Volume 18, Number 5, Septembre-Octobre 2011Lipids and Brain II. Actes des Journées Chevreul 2011 (Deuxième partie)
|Page(s)||267 - 270|
|Section||PUFA and Neuroprotection|
|Published online||15 September 2011|
A multi nutrient concept to enhance synapse formation and function: science behind a medical food for Alzheimer’s disease
Nutricia Advanced Medical Nutrition, Danone Research, Centre for Specialised Nutrition, P.O. Box 7005, 6700 CA Wageningen, The Netherlands
2 Utrecht Institute for Pharmaceutical Sciences (UIPS), Utrecht University, The Netherlands
Alzheimer’s Disease (AD) is the leading cause of dementia. Epidemiological studies suggest that AD is linked with poor status of nutrients including DHA, B-vitamins and the vitamins E and C. Ongoing neurodegeneration, particularly synaptic loss, leads to the classical clinical features of AD namely, memory impairment, language deterioration, and executive and visuospatial dysfunction. The main constituents of neural and synaptic membranes are phospholipids. Supplemenation of animals with three dietary precursors of phospholipids namely, DHA, uridine monophosphate and choline, results in increased levels of brain phospholipids, synaptic proteins, neurite outgrowth, dendritic spines formation (i.e. the anatomical precursors of new synapses) and an improvement in learning and memory. Other nutrients act as co-factors in the synthesis pathway of neuronal membranes. For example B-vitamins are involved in methylation processes, thereby enhancing the availability of choline as a synaptic membrane precursor. A multi-nutrient concept that includes these nutrients may improve membrane integrity, thereby influencing membrane-dependent processes such as receptor function and amyloid precursor protein (APP) processing, as shown by reduced amyloid production and amyloid β plaque burden, as well as toxicity. Together, these insights provided the basis for the development of a medical food for patients with AD, Souvenaid®, containing a specific combination of nutrients (Fortasyn™ Connect) and designed to enhance synapse formation in AD. The effect of Souvenaid on memory and cognitive performance was recently assessed in a proof-of-concept study, SOUVENIR I, with 212 drug-naïve mild AD patients (MMSE 20-26). This proof-of-concept study demonstrated that oral nutritional supplementation with Souvenaid® for 12 weeks improves memory in patients with mild AD. To confirm and extend these findings, we have designed and initiated three additional studies. Two of these studies will be completed in 2011; Souvenir II, a 24-week European study, with 259 drug-naïve mild AD patients (MMSE≥20) and S-Connect, another 24-week study, with 527 mild-tomoderate AD patients (MMSE 14-24) using AD medication conducted in the US. The third is the EU-funded LipiDiDiet study, a 24-month study, which will enrol 300 people with prodromal AD to assess the effect on memory performance.

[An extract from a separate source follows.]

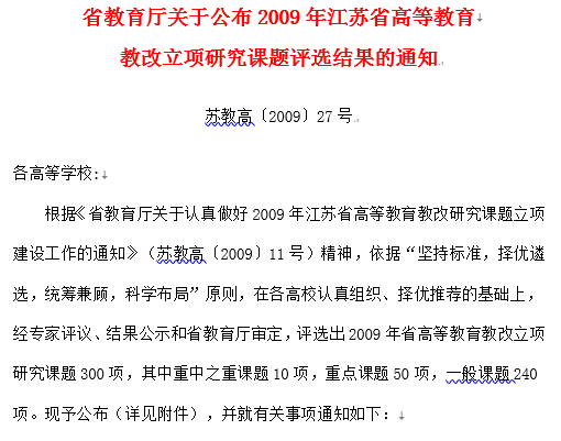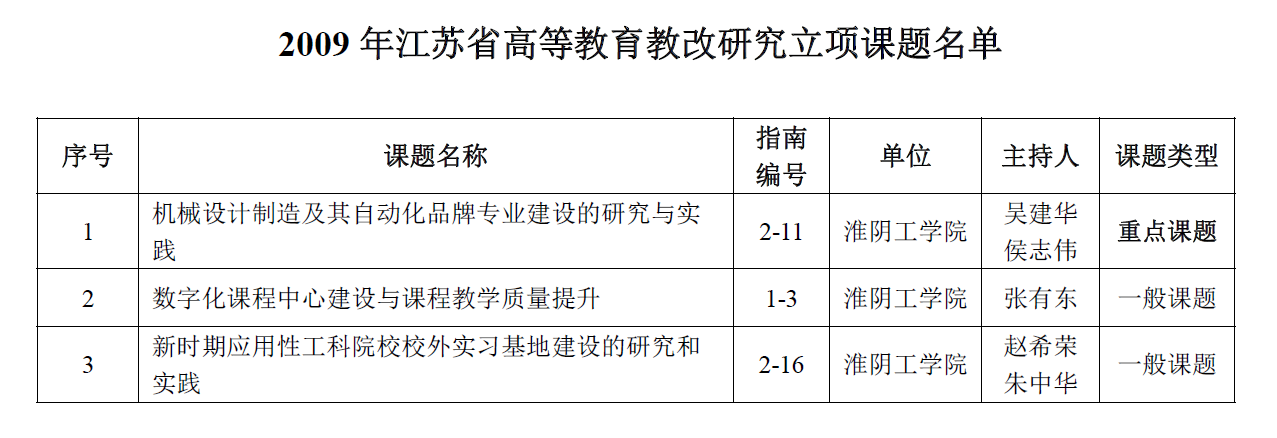 江苏省高等教育教改研究课题,2009年。

Key words: Alzheimer’s disease / nutrition / souvenaid / synapse / membrane / phospholipids
© John Libbey Eurotext 2011
Alzheimer’s disease (AD) is a multi-factorial neurodegenerative disorder and is the leading cause of dementia. In 2010, there were an estimated 35.6 million AD sufferers worldwide and, with the global ageing population, the estimate is expected to increase to 115.4 million by 2050 (ADI, 2010). Age is the primary risk factor (von Strauss et al., 1999; Citron, 2002), while the primary genetic risk factors include family history of AD (for familial AD) and presence of the apolipoprotein E-ε4 genotype (apoE4, for sporadic AD) (Fratiglioni et al., 1993; Seshadri et al., 1995). Furthermore, increasing epidemiological evidence suggests diet as one of the most important modifiable risk factors (Engelhart et al., 2002; Morris et al., 2003). Other aspects of disease aetiology, including vascular and psychosocial factors, are under investigation (Qiu et al., 2009).
The exact cause of AD remains unknown, despite decades of research guided by several hypotheses based upon differing brain pathologies. Amyloid plaques, neurofibrillary tangles and progressive loss of neurons are characteristic hallmarks of AD that allow for post-mortem histological confirmation of the condition. However, severe synaptic loss and/or reduced synaptic activity and connectivity in specific brain areas occurs early in the disease process resulting in the classic clinical features of AD: memory impairment, language deterioration, and executive and visuospatial dysfunction (Terry and Katzman, 2001; Scheff and Price, 2006). Soluble beta-amyloid (Aβ) protein oligomers have been proposed as the pathogenic agents that induce loss of synaptic and dendritic spines in AD (Haass and Selkoe, 2007; Shankar et al., 2007; Shankar et al., 2008; Freir et al., 2010). It has been reported that symptomatic dementia occurs when there is an approximately 40% reduction in cortical synapses compared with age-matched healthy adults (Terry et al., 1991). Synapse loss is the strongest structural correlate with cognitive performance in AD, even more so than the prevalence of plaques or tangles (Terry et al., 1991; Terry, 2006). Therefore, improving synaptic formation and function may well be a target for intervention in AD.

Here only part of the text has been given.